Я подъехал поближе, сбросил скорость. Рабочую зону оцепили охранники в буро-зеленом камуфляже. Лаяли, срывались с поводков овчарки. В груде развалин копошились серые люди. Голыми руками разгребали завалы, грузили мусор в тачки, катили к самосвалу, где перегружали в кузов. Я подъехал еще ближе. Овчарки на меня не лаяли — знали, на кого положено. Трудились мужчины — грязные, худые, изможденные до крайности, с пустыми глазами. Вялые движения, валкая поступь. Смертельно бледный паренек, похожий на альбиноса, толкал перед собой тележку, груженную сцементированными обломками кирпичей. Колесо попало в яму, тележка накренилась, альбинос ее не удержал, содержимое вывалилось и покатилось под ноги бородатому охраннику. Конвоир гневно завопил и ударил парня прикладом. Несчастный схватился за отбитый бок, упал на колени.

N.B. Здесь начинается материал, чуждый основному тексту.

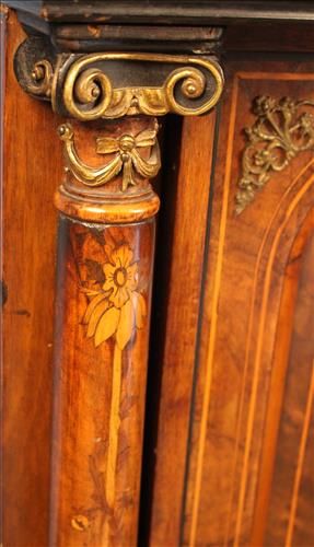 Victorian aesthetic movement side cabinet with inlay and bronze mounts, 45 in. T, 33 in. W, 18 in. D. Victorian aesthetic movement side cabinet with inlay and bronze mounts, 45 in. T, 33 in. W, 18 in. D.

— Работать, сука! — вопил вертухай. — И смотри, куда катишь!
По костлявому лицу «каторжанина» текли слезы.
А у самосвала разыгралась настоящая драма. Глыба, которую перекатывали за борт, оказалась слишком тяжела для четырех трясущихся рук. Один из узников успел отпрыгнуть. Второму раздавило ноги. Он лежал под глыбой, извивался, жалобно стонал, закатывая глаза. Товарищи бросились к нему и принялись откатывать камень. Несчастный закричал еще громче. Ноги ниже бедра превратились в кровавый студень. Торчали кости. Ситуация была вполне штатной. Шуметь в ущелье возбранялось. Подошел офицер с равнодушной миной, извлек из кобуры бесшумный «ПСС», помедлил, прежде чем выстрелить, — высматривая в глазах жертвы то самое, что всегда заводит садистов и маньяков…

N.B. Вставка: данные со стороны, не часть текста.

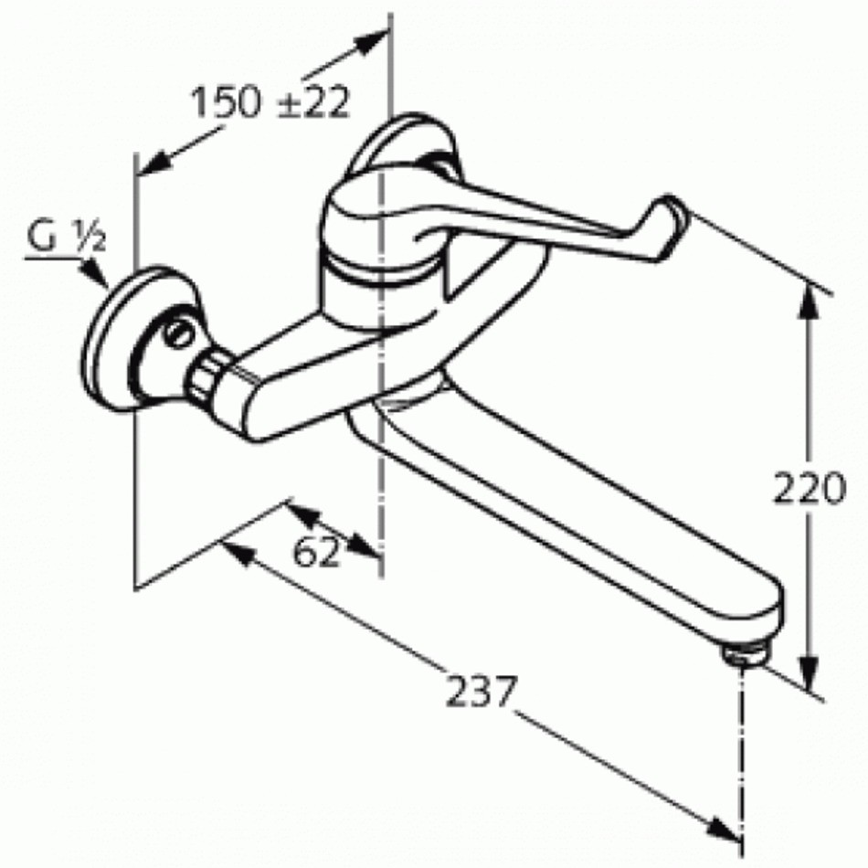 - Длина излива от стены 237 мм

Прошлым летом при виде такой картины я схватился бы за автомат и накрошил с десяток охранников. Полгода назад меня бы вырвало. Сегодня я не чувствовал практически ничего. Привык. Пообещав себе разобраться на досуге с этим психологическим феноменом, я махнул рукой смутно знакомому офицеру, стоящему в стороне, и поехал дальше.
Лично мне Белый дворец не нравился. Нормальное понятие — эклектика, но здесь с ней явно перемудрили. Словно несколько особняков из белого мрамора, спроектированных разными архитекторами, слепили в кучку. Как смотрелось это недоразумение сверху, я не знаю — возможно, никак благодаря столпившимся над обрывом соснам и сложной комбинации маскировочных сетей, которые, как ни странно, антураж не портили. Впрочем, за оградой, впитавшей в себя последние технические новинки, связанные с безопасностью, все было нормально. Вереницу обширных террас связывали каменные лестницы, а где-то и лифты. Гравийные дорожки, фонтанчики, скульптурные композиции, кирпичные беседки. Прохаживались люди — «отдаленно и особо приближенные к императору». Откровенно праздных бездельников у себя под боком Благомор не держал; каждый блюдолиз из свиты выполнял определенную функцию. Администраторы долин, руководители всевозможных служб, советники и советчики, «мальчики» на побегушках. Имелся контингент и «для души». Благомор был ценителем и почитателем женского тела. Он требовал много женщин — красивых и разных. Ходили слухи о его беспорядочной половой жизни. И никто не слышал о наличии у Благомора законной супруги. Любовниц он менял с такой же скоростью, с какой те меняли трусики. Гаремов не держал, но под рукой всегда имелась парочка-другая претенденток на «высокую» постель. Каждая мечтала выбиться в разряд «постоянной», но самое светлое на земле чувство Благомора пока не настигало. Любовницы держались неделю-две, потом уходили в забвение. Дальнейшая судьба экс-фавориток зависела от многих факторов — от настроения, от обстоятельств «расставания», от нрава брошенной подруги. Бывших любовниц, надо признаться, Благомор не убивал. Самое худшее, что могло с ними случиться, — оказаться в грязном борделе под пьяной солдатней. Перспектива получше — чистый бордель для эстетствующих (и не очень) офицеров. Отдельные направлялись для ублажения придворной публики, другим выпадало счастье перековаться в горничную, служанку или, скажем, посудомойку или официантку в офицерской столовой.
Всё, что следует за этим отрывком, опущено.